The motoring world was excited when Nissan unveiled its Ariya Single Seater Concept car using the powertrain of the all-electric Ariya SUV. The development of the ground-breaking bespoke single-seater car chassis, with its futuristic and sleek appearance, showed what a fully electrified performance motor could look like. Its Formula E design, with near 400-bhp and all-wheel drive, certainly turned heads when the public was given its first glimpse. With its aerodynamic wheel covers and bronze colouring, it was a unique sight.
Nissan global marketing divisional general manager for brand and engagement, Juan Manuel Hoyos, was reported as saying at the time: “At Nissan, we dare to do what others don’t.” It was a fun project for the Japanese giants and they were keen to keep the vehicle on permanent display.
They wanted a one-third scale model of the concept car in the reception of their UK Design Centre in Paddington, London, and approached Ogle to create it after the Letchworth company had previously built full-size interior mock-ups of the first Qashqai and Juke models.
The build took almost 500 hours, including the CNC machining, 3D printing and the painting with General Manager Dave Orman leading the project. The choice of material was governed by the weight and complexity of the parts with CNC and SLA processes used. After all the parts had been created, they were assembled with allowances made for the paint using magnets and screws. The model was attached to a plinth, before the whole thing was disassembled for painting and applying graphics.

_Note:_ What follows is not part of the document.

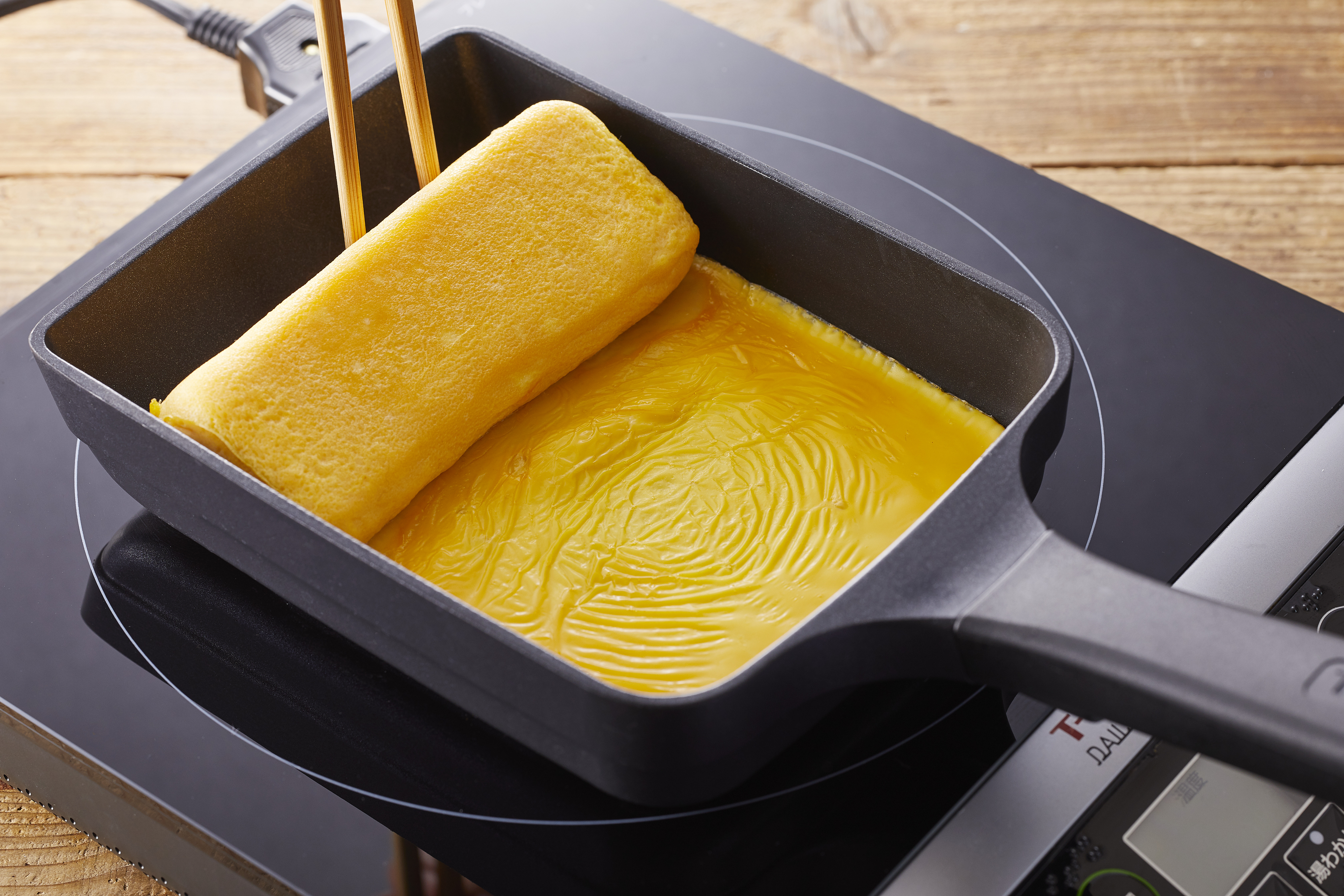 冷たい溶き卵を流し込んでも熱をじんわり伝えるので、ふっくらおいしく焼き上がります。

With everything complete, the car was reassembled and finally secured to the plinth.
It was quite a complex project. Because the CAD model had only A surface data, Ogle had to create the B surface which added thickness and features so something physical could be produced, ensuring that no undercuts were created, so the individual parts could all fit together like a jigsaw puzzle.
The team also had to consider whether the part was going to be CNC or SLA: The CAD for 3D printing is created as a solid model, whereas the CAD data for CNC machining can be a surface model.
Dave said: “We were extremely pleased with the finished model, which was made even more satisfying when we received such positive feedback from Nissan’s design centre.”